Peptidyl-prolyl cis-trans isomerase-like 1 · UniProt Q9Y3C6

Length
166 aa
Mass
18.2 kDa
Annotated
2026-04-28
24 papers in source corpus 11 papers cited in narrative 11 extracted findings

Mechanistic narrative

Synthesis pass · prose summary of the discoveries below

PPIL1 is a spliceosomal cyclophilin-family peptidyl-prolyl cis/trans isomerase that supports pre-mRNA splicing fidelity, particularly of short, GC-rich introns, through a structural rather than enzymatic role within the activated spliceosome. It is recruited to the spliceosome via a direct, cyclosporin A-independent interaction between a site distinct from its PPIase active site and the intrinsically disordered N-terminal region (residues 59–79) of SKIP/SNW1, while its catalytic face engages PRP17 in an isomerase–substrate complex whose prolyl isomerase activity is dispensable for splicing function (PMID:16595688, PMID:20007319, PMID:33220177). Biallelic loss-of-function mutations in PPIL1 cause pontocerebellar hypoplasia with microcephaly through neuron-specific apoptosis in humans and mice (PMID:33220177). Beyond splicing, PPIL1 participates in C3b-mediated NLRP3 inflammasome activation via residues E156 and D111 (PMID:36476873), modulates EWS low-complexity domain phase separation through PPIase active-site contacts with PxxP motifs (PMID:40668764), and promotes Wnt/β-catenin signaling through transcriptional upregulation of DAAM2 in hepatocellular carcinoma (PMID:40883023).

Mechanistic history

Synthesis pass · year-by-year structured walk · 7 steps
  1. 1996 Medium

    Identification of PPIL1 as a novel cyclophilin-family member established that a short (166 aa) PPIase-related protein exists in the human genome at 2p23, opening questions about its specific substrates and cellular role.

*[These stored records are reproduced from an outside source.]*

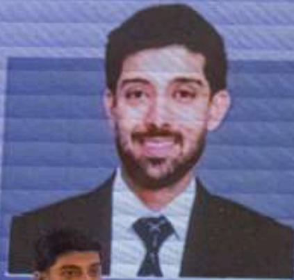
Karan Mehra Portfolio Invest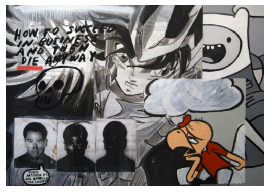
Marcos Arias, La resurrección de Lázaro , 2017. Oil and acrylic on canvas, six light boxes. 100 x 750 cm

pedagogy) entails a precise way of collectivizing discontent.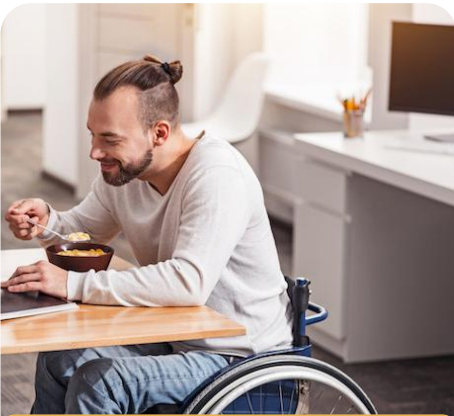
FULLY ACCESSIBLE HOMES

WE WANT TO WORK WITH RESIDENTS TO PROGRESS THEIR IDEAS FOR NEW HOMES NOW, SO THAT BY THE SUMMER WE CAN UNVEIL A PLAN FOR REGENERATION THAT RESIDENTS HAVE CONTRIBUTED TO AND FEEL PART OF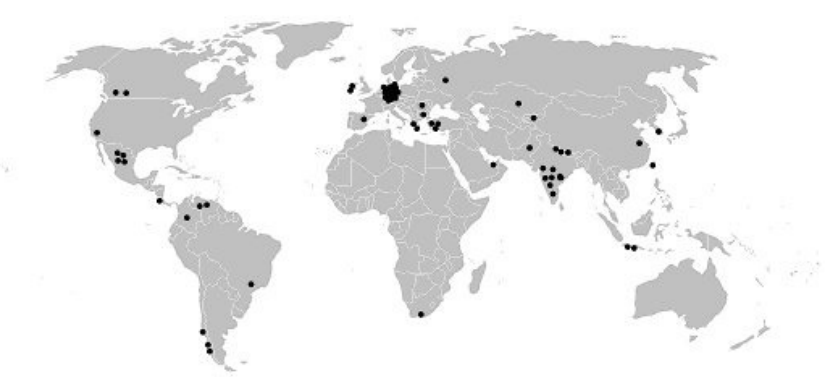
Fig. 01: World map with REM students' countries of origin

When REM was launched in October 2008, 26 students started their studies as the first generation of REM. In the following year, REM attracted more than 150 students of which 38 were accepted. These 64 REM students from the first and second generation come from 27 different countries. The following map provides an overview of the students' countries of origin with each black dot representing one student.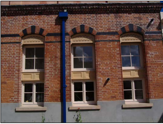
Decorative brickwork above some of the restored windows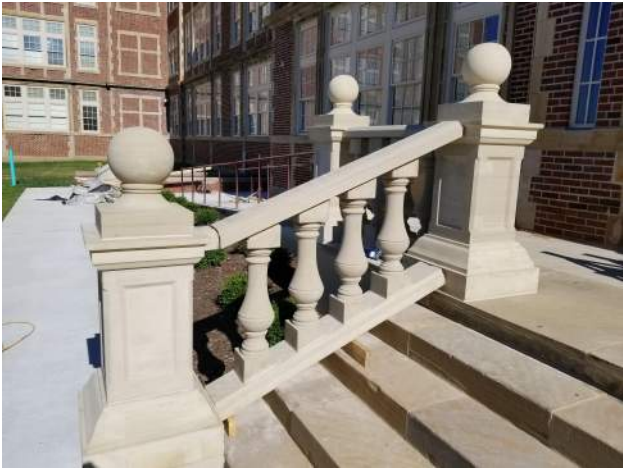
Courtyard Stone Railings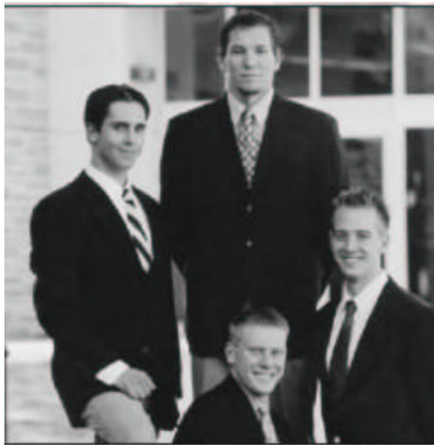
The Men's Swimming Seniors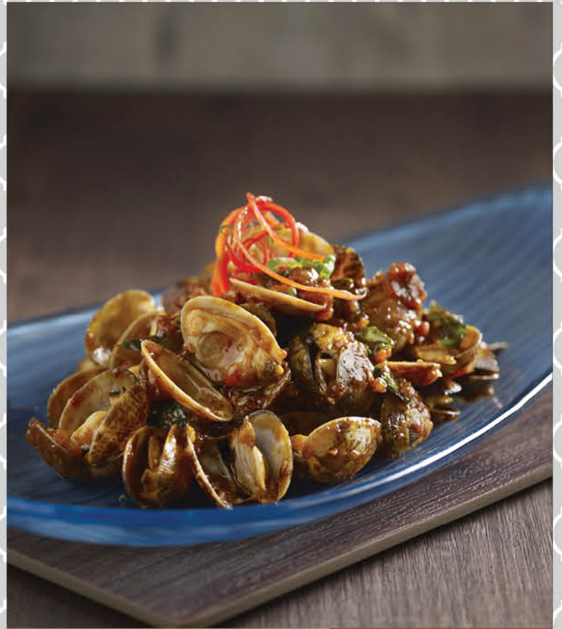
花蛤 炒甘香 Venus Clam Sautéed with Spicy Garlic Sauce (小S)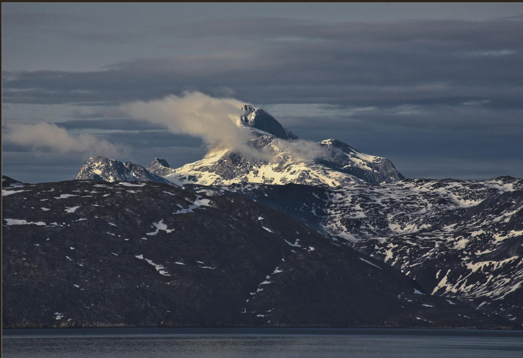
Sunshine on the high mountains on the island Storøen, May 2008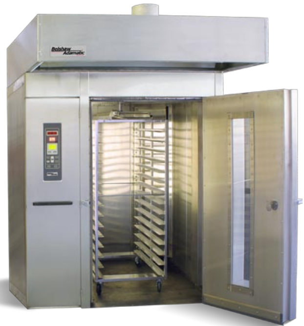
BARO-2G Rack Oven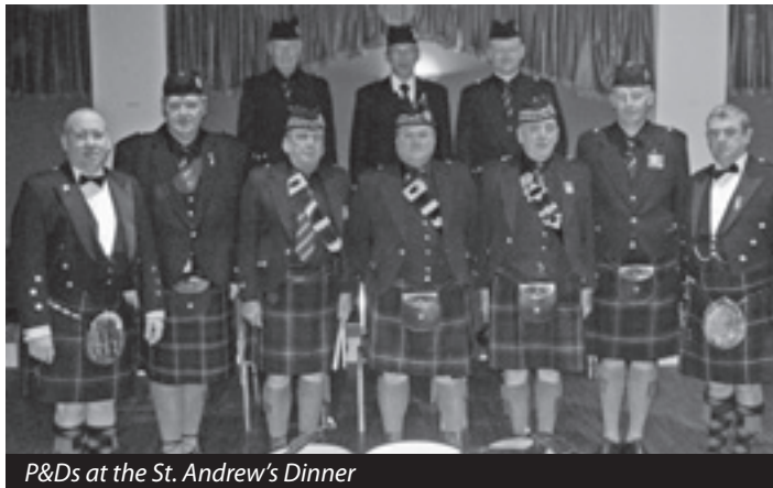
P&Ds at the St. Andrew's Dinner

    Evidence cDNA cloning, Northern blot, and FISH mapping of hCyPX

    PMID:8978786

    Open questions at the time
    • No enzymatic activity demonstrated
    • No interacting partners or cellular function identified
  2. 2001 Medium

    Discovery that PPIL1 orthologs bind the SNW/SKIP coregulator in a cyclosporin A-independent manner while retaining CsA-sensitive PPIase activity revealed a bipartite functionality—enzyme activity and a distinct protein-recruitment interface—and placed PPIL1 in the spliceosomal/transcriptional regulatory axis.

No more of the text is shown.